**Recorded information**
****************

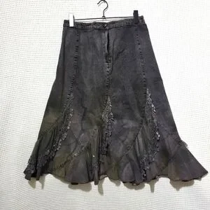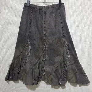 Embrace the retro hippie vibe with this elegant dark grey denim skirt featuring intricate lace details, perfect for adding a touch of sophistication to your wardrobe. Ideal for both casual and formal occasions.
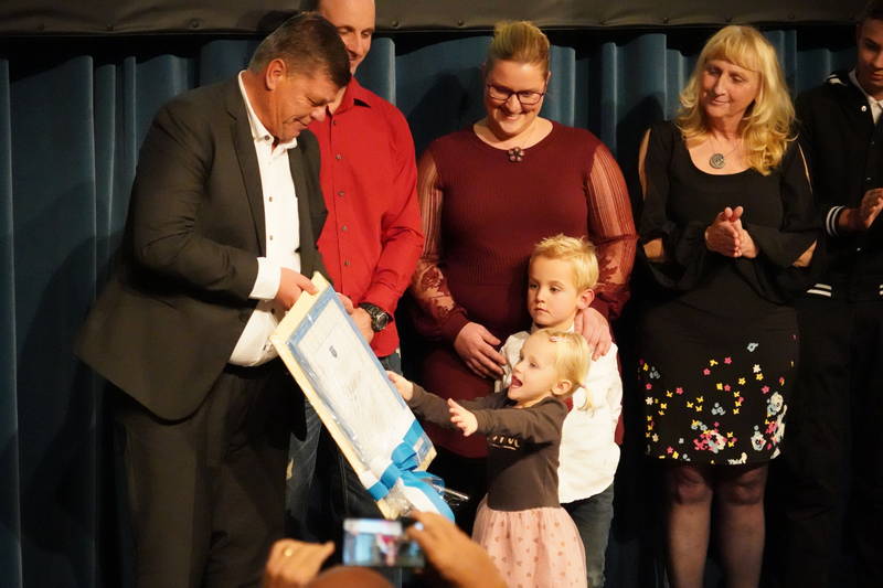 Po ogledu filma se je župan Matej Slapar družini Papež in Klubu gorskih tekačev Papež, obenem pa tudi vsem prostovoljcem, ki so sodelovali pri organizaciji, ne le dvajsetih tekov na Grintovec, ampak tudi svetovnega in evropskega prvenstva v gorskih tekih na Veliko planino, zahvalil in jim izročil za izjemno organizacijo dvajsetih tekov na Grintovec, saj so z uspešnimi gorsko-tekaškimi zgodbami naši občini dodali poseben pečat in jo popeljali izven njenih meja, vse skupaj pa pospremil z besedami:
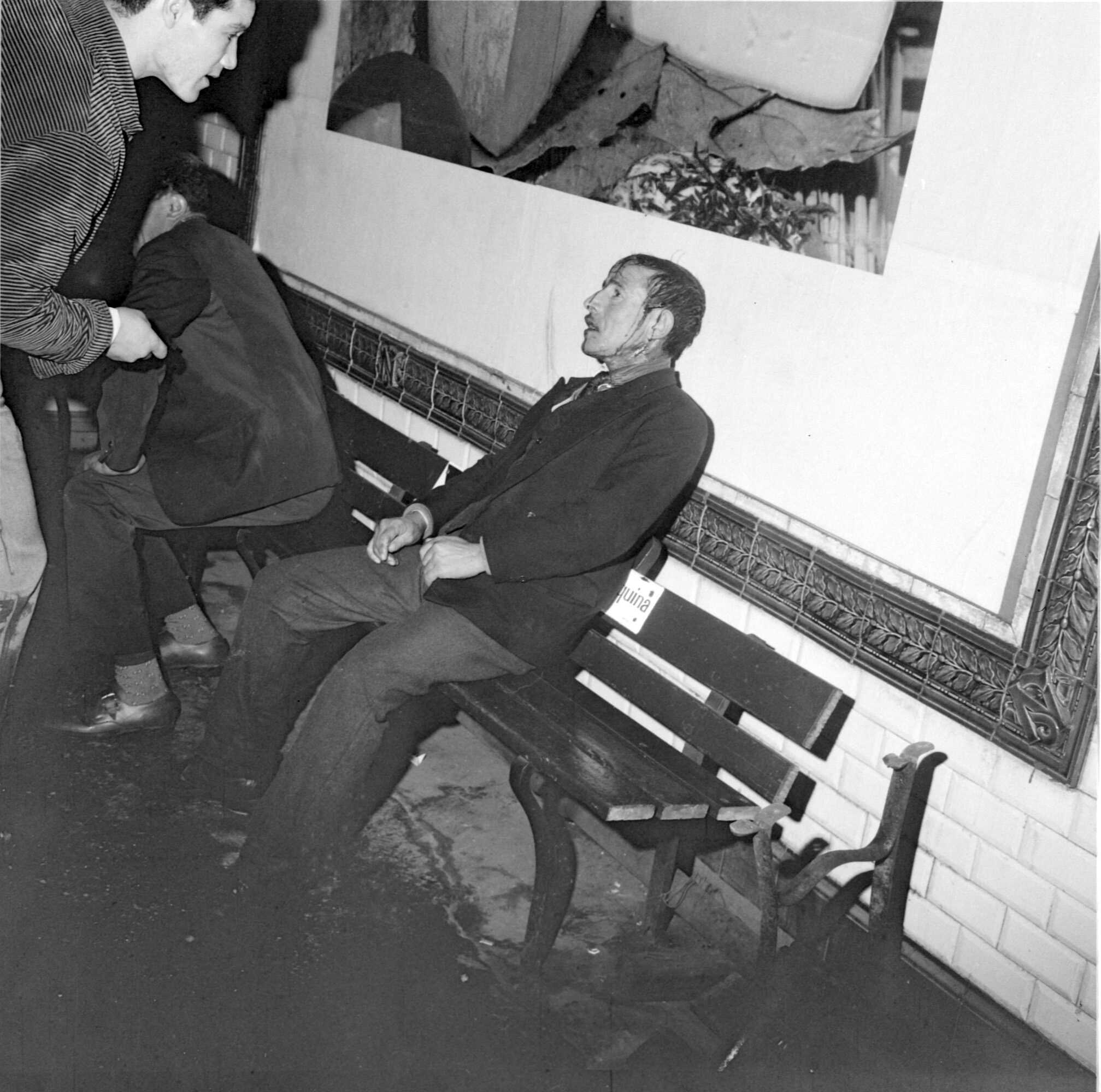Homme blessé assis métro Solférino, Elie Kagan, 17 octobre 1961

****************

**What the task asks**
Using the listing above, write out exactly the lines from the one that holds "Po ogledu filma" through the last line, both included, and omit pictures.

**Answer for this exercise**
 Po ogledu filma se je župan Matej Slapar družini Papež in Klubu gorskih tekačev Papež, obenem pa tudi vsem prostovoljcem, ki so sodelovali pri organizaciji, ne le dvajsetih tekov na Grintovec, ampak tudi svetovnega in evropskega prvenstva v gorskih tekih na Veliko planino, zahvalil in jim izročil za izjemno organizacijo dvajsetih tekov na Grintovec, saj so z uspešnimi gorsko-tekaškimi zgodbami naši občini dodali poseben pečat in jo popeljali izven njenih meja, vse skupaj pa pospremil z besedami:
Homme blessé assis métro Solférino, Elie Kagan, 17 octobre 1961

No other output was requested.